For both TSH and fT(4), individual SSCs differed significantly (p<0.001). The 95% confidence interval for TSH SSCs was 1.1-5.7 mU/L and for fT(4) SSCs 16.6-28.7 pmol/L. Mean CV(w) values for TSH and fT(4) SSCs were 60.9% and 13.1%, respectively. Individual fT(4) and TSH SSCs were reproducible when assessed for the three age intervals, both slightly decreasing with age (p≤0.033), and fT(4) SSCs were reproducible for the two split TSH intervals, with a slight fT(4) difference (p<0.001). fT(4) SSCs were largely independent of the administered LT(4) dosage (range 2.4-6.1 μg/kg). fT(4) SSCs of the initial period were comparable to those of postinitial period with a mean±SD difference of 1.0±3.5 pmol/L, p=0.07.
Our study suggests that in CHT during therapy considered optimal, stable TSH and fT(4) SSCs can be found slightly decreasing with age and largely independent of the administered LT(4) dosage (range 2.4-6.1 μg/kg). In clinical follow-up, fT(4) SSCs may be more valuable as individual target values than TSH SSCs.

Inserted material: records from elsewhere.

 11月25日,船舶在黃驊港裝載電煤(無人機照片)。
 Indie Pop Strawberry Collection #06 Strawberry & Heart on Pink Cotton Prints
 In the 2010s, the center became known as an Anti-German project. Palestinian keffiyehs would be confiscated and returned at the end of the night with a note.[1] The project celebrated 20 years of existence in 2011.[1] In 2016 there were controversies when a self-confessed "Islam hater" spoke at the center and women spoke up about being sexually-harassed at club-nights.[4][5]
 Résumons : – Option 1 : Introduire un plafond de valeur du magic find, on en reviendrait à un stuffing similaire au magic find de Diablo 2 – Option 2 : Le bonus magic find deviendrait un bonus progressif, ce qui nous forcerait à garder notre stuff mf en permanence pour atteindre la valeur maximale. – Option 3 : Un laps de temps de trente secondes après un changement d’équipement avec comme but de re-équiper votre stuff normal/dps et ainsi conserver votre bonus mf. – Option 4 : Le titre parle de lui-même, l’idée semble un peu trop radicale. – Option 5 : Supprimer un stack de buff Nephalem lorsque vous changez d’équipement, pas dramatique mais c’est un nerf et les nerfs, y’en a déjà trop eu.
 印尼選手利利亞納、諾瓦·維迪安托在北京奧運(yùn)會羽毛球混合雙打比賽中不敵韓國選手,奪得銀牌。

在先天性甲状腺功能减退症(CHT)患者的治疗中,一个主要问题是促甲状腺激素(TSH)和游离甲状腺素(fT(4))的最佳个体目标值未知。我们研究了 CHT 患者在治疗期间是否具有可作为目标值的考虑最佳的稳定 fT(4)和 TSH 稳态浓度(SSC),以及 TSH 或 fT(4)在指导治疗决策方面是否更有用。

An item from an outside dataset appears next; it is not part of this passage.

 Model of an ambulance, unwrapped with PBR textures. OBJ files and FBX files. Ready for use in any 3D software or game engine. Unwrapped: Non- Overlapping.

从 60 例早期治疗的 CHT 患者中,选择年龄在 1.5-132 个月(初始后期间)和 TSH 间隔在 0.5-10 mU/L 内的 TSH 和 fT(4)随访样本。在尽可能最甲状腺功能正常的条件下,通过连续多次测定的个体平均值来估计 TSH 和 fT(4) SSC(n=1257),用于整个年龄和 TSH 间隔,以及年龄间隔 1.5-24、25-72 和 73-132 个月,以及对于 fT(4),用于两个分裂的 TSH 间隔 0.5-4.49 和 4.5-10 mU/L。对于所有 SSC,确定了个体内变异系数(CV(w))。此外,在治疗开始后的前 6 周评估了 fT(4) SSC。
TSH 和 fT(4)的个体 SSC 均有显著差异(p<0.001)。TSH SSC 的 95%置信区间为 1.1-5.7 mU/L,fT(4) SSC 的 95%置信区间为 16.6-28.7 pmol/L。TSH 和 fT(4) SSC 的平均 CV(w)值分别为 60.9%和 13.1%。当评估三个年龄间隔时,个体 fT(4)和 TSH SSC 是可重复的,并且随着年龄的增长略有下降(p≤0.033),fT(4) SSC 对于两个分裂的 TSH 间隔是可重复的,并且 fT(4) 略有差异(p<0.001)。fT(4) SSC 与给予的 LT(4)剂量(范围 2.4-6.1 μg/kg)基本无关。初始期间的 fT(4) SSC 与初始后期间的 fT(4) SSC 相当,平均差异±SD 为 1.0±3.5 pmol/L,p=0.07。
我们的研究表明,在 CHT 治疗期间,考虑到最佳状态,可发现 TSH 和 fT(4) SSC 略有下降,并且与给予的 LT(4)剂量(范围 2.4-6.1 μg/kg)基本无关。在临床随访中,fT(4) SSC 可能比 TSH SSC 更有价值作为个体目标值。